Le monde arabe de la «nekba» (défaite) à la «sahwa» (éveil)
La déroute des armées arabes face à la petite armée israélienne lors de la guerre de juin 1967 (la guerre des Six Jours qui durera en réalité 4 heures) impactera fortement la rue arabe, ballottée entre l'arabisme totalitaire et creux du président Gamal Abdel Nasser (1918-1970) et l'islamisme dogmatique des Frères musulmans.

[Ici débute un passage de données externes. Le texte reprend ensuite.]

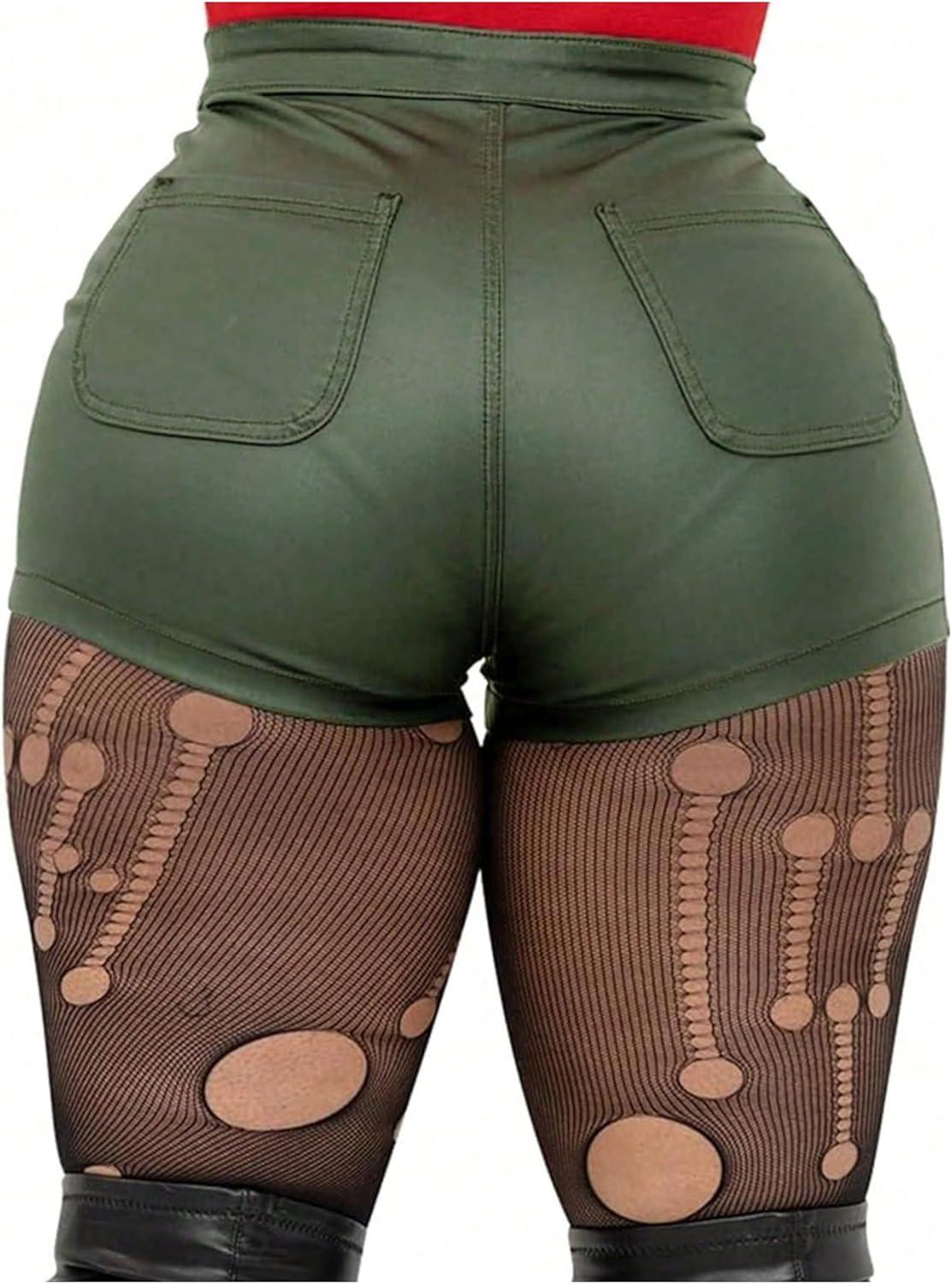 SOLY HUX Women’s Leopard Print Mini Shorts High Waisted Y2k Streetwear Booty Shorts(Plain Army Green)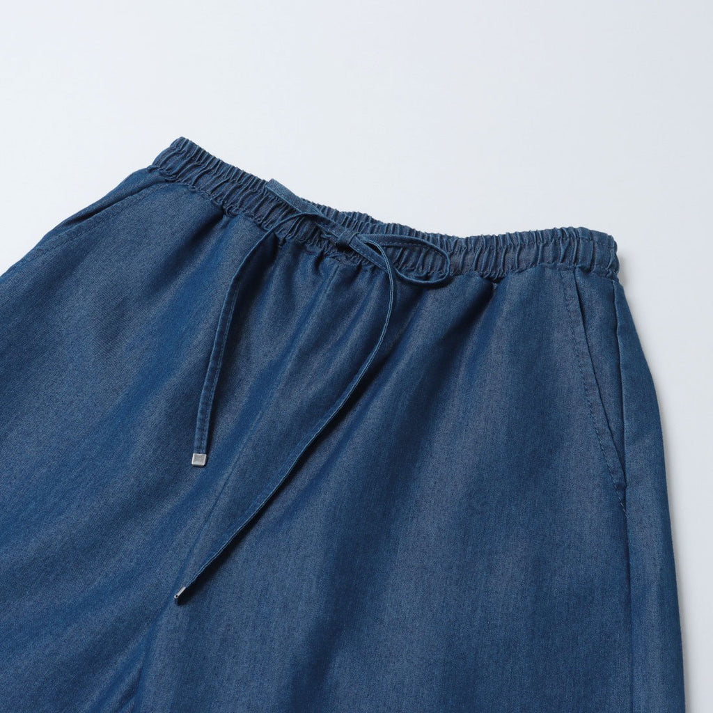 カジュアルなアイテムながら程良い光沢が大人っぽさを演出してくれます。デイリーからお出かけまで幅広く活躍し、さらりとした生地が心地よく、リラックス感もあるのでこれからのシーズン大活躍間違いなしです!ブラウスと合わせてきれいめに、サマーニットとスタイリングするとより女性らしさがアップします。もちろんTシャツやスニーカーでデイリーにも◎暑い日に快適にアクティブに着回せるワイドパンツです。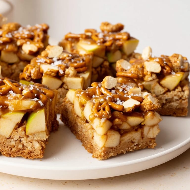 Save A decadent treat featuring layers of crisp spiced apples, buttery biscuit base, crunchy pretzels, and gooey caramel. Perfect for autumn gatherings or as a festive snack for anyone craving a sweet and spicy twist.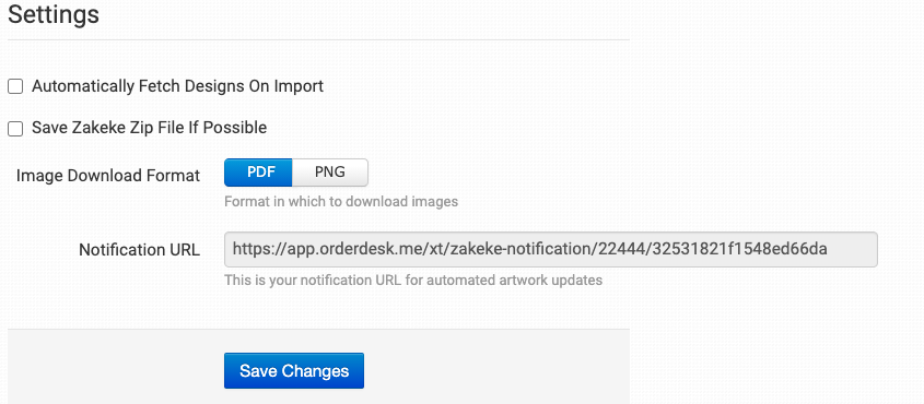 Add this URL to your Zakeke account in the Webhooks > Order Generated Endpoint section. This allows Zakeke to notify Order Desk when an order is ready.

Une grande partie d'une jeunesse déboussolée ira chercher des réponses à la déconfiture dans le «prêt-à-penser» de la formule «L'islam est la solution» «El hal el islami». Le mouvement politico-religieux «salafiste», soutenu par la monarchie «wahhabite» qui prêche le retour à un islam rigoriste, verra dans la «Al-Sahwa al-islamyya» (le réveil islamique) l'alternative à l'échec de l'idéologie arabe de Nasser. Farag Fouda répondra à la défaite arabe de juin 1967 (el nekba) par le livre Qabl el souqout (Avant la chute), écrit sur un ton satirique résumant les causes de l'infortune de la nation arabe.
Après sa mort survenue brutalement le 28 septembre 1970, causée officiellement par «un arrêt cardiaque», le colonel Gamal Abdel Nasser apparaîtra comme «l'alchimiste de l'insuccès» (Jean-François Khan, L'héritage d'un rêve, L'Express du 5 octobre 1970). Son successeur Anouar El- Sadate (1918-1981), resté dans son ombre pendant dix-huit longues années, enterrera l'arabisme avec son fondateur. «Celui que Nasser aurait traité un jour de ‘'homâr'' sera plébiscité le 15 octobre 1970 par référendum avec un score de 90,04%) (Robert Solé : Sadate, Editions Perrin, Paris 2013). Le futur prix Nobel de littérature Naguib Mahfouz objectera : «L'accession de Sadate à la présidence de la République, après Nasser, m'a parue d'un ridicule inachevé.» (Cf. Sadate). Le Président croyant (El Raïs el mo 'min) dotera, le 11 septembre 1971, l'Egypte d'une nouvelle Constitution. Son article 2, «Les principes de la Charia sont la source principale de la législation», fera fi des 10% d'Egyptiens chrétiens présents depuis l'aube du christianisme. Le «Président pieux» s'appellera désormais Mohamed-Anouar Al Sadate et la «Zebiba» (raisin sec), le cal brun arboré sur le front, est le résultat de nombreuses prosternations.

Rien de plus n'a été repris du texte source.